## Task goal
This exercise calls for duplicating every entry below exactly, without the images.

## Saved data entries
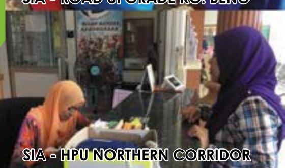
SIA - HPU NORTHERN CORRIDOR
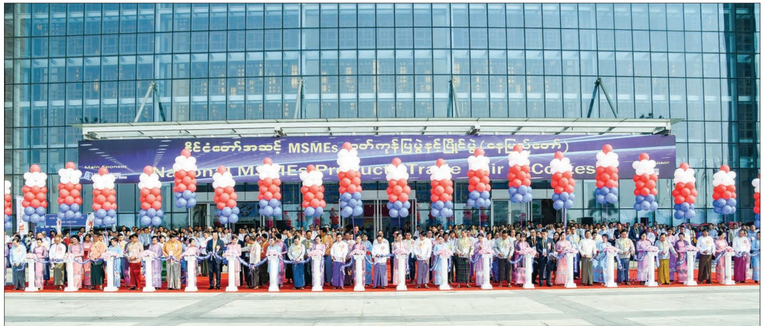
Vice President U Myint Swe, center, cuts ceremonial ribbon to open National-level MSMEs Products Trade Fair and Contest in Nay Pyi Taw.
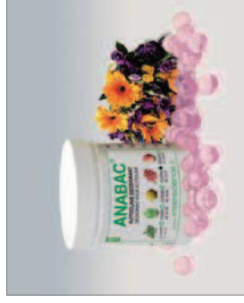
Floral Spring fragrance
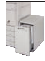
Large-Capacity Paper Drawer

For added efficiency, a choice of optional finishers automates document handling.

## Response area
SIA - HPU NORTHERN CORRIDOR
Vice President U Myint Swe, center, cuts ceremonial ribbon to open National-level MSMEs Products Trade Fair and Contest in Nay Pyi Taw.
Floral Spring fragrance
Large-Capacity Paper Drawer

For added efficiency, a choice of optional finishers automates document handling.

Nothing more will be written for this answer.